Lebanese Republic Ministry of Tourism وزارة السياحة

Agency overview
- Jurisdiction: Government of Lebanon
- Headquarters: Beirut 33°53′42″N 35°29′18″E﻿ / ﻿33.89500°N 35.48833°E
- Agency executive: Laura Khazen Lahoud, Minister of tourism;
- Website: Official website

= Ministry of Tourism (Lebanon) =

Government ministry of Lebanon

The Ministry of Tourism (وزارة السياحة) is a government ministry of Lebanon. It originates from the Lebanon Tourism Service created in the 1930s as part of the Ministry of National Economy.

==History==
After Lebanese independence, the General Tourism Commission (CGT or Commissariat Général du Tourisme, de l'Estivage et de l'Hivernage in French) was created in 1948 to monitor tourism professions and promote Lebanese tourism abroad.

In 1959, the CGT was annexed by the Ministry of Information which became the Ministry of Information, Orientation, and Tourism. However, it was the National Tourism Council (CNT or Conseil National du Tourisme in French), a private organization, which effectively promoted tourism in Lebanon.

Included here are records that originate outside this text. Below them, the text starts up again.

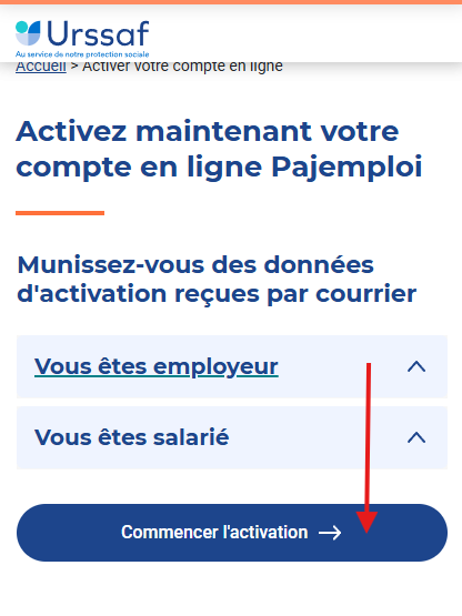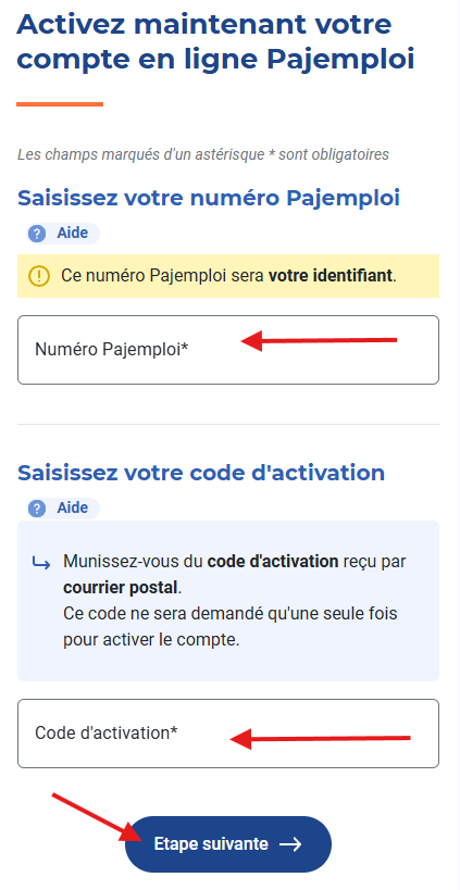 Pour activer votre compte employeur vous aurez besoin de : Votre numéro Pajemploi reçu dans un premier courrier. Il vous servira ensuite d'identifiant. Votre code d'activation reçu dans un second courrier.Votre numéro de Sécurité sociale, celui que vous avez utilisé lors de votre inscription à la Caf ou la MSA. Si vous n'avez pas de numéro de Sécurité sociale, vous pouvez tout de même activer votre compte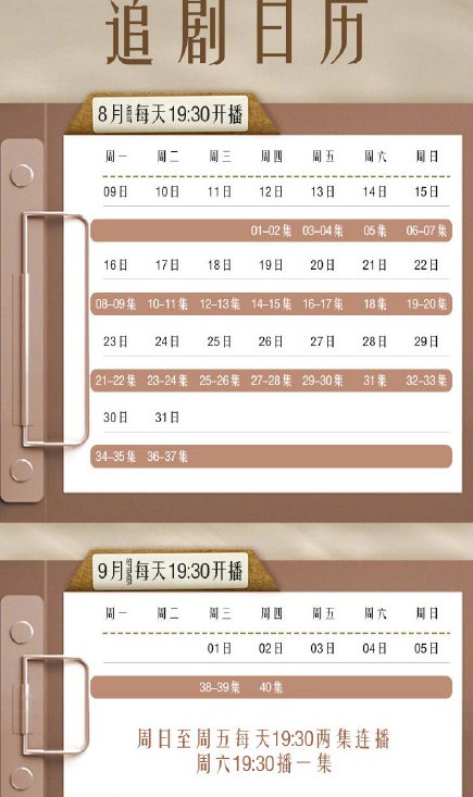 《理想之城》8.12起每晚19:30《理想之城》两集连播(周六一集);《扫黑风暴》每周一至周五晚21:10播出一集,每周六20:20播出一集。
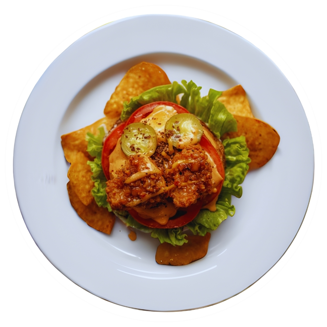 Marul Turşu Domates Burger sosu İki parça tavuk Kaşar peyniri Doritos cipsi.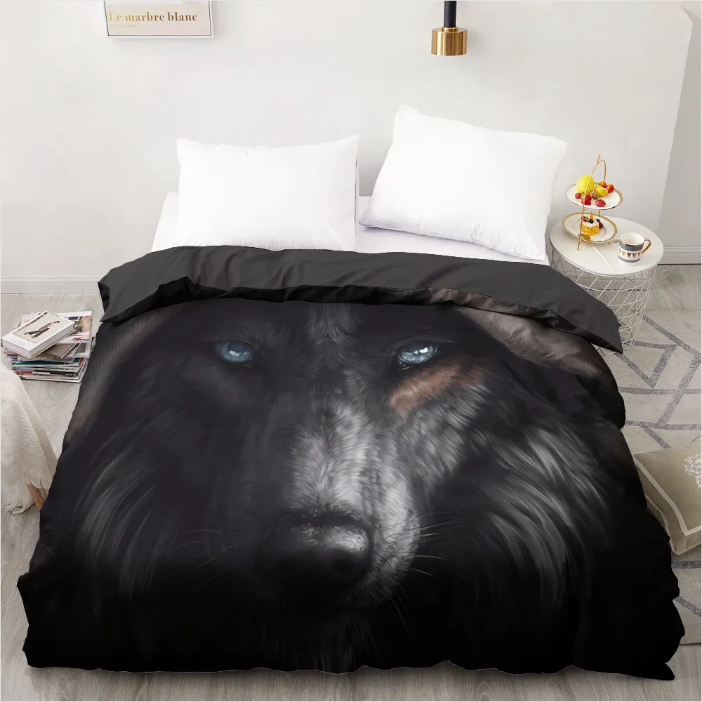 Пододеяльник с 3D HD цифровым принтом на заказ, одеялочехол для одеяла набор постельного белья Queen King 240x220, постельное белье с изображением животных Черный волк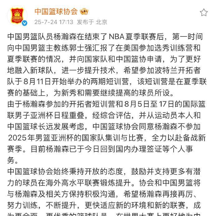 好消息!篮协公告:杨瀚森不出战亚洲杯,将返回开拓者训练营。 哈哈,领导们被日本队3主力不打吓到了,上了还输就真的没退路、没借口。 (我4点才说可能会撤回杨瀚森,真就撤了) 对杨瀚森个人和中国男篮未来倒是超级利好。他在NBA打出名堂,才能更好的帮助国家队。 大家觉得亚洲杯能夺冠不?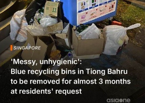 Blue recycling bins in Tiong Bahru estate to vanish for almost three months.

The growth of tourism on a global scale led to the creation of the Ministry of Tourism in 1966 (Law 21/66, issued on March 29, 1966), composed of the General Directorate of Tourism (Direction Générale des Affaires Touristiques).

Decree no. 7142 was issued on April 20, 1967, defining the specific tasks that fell under the separate responsibility of the National Tourism Council, including overseas promotion and execution of tourism projects. However, this decree was repealed by Decree no. 2829, issued on October 10, 1992, which transferred these tasks to the Ministry of Tourism.

==Minister==
The current minister of tourism is Laura Khazen Lahoud.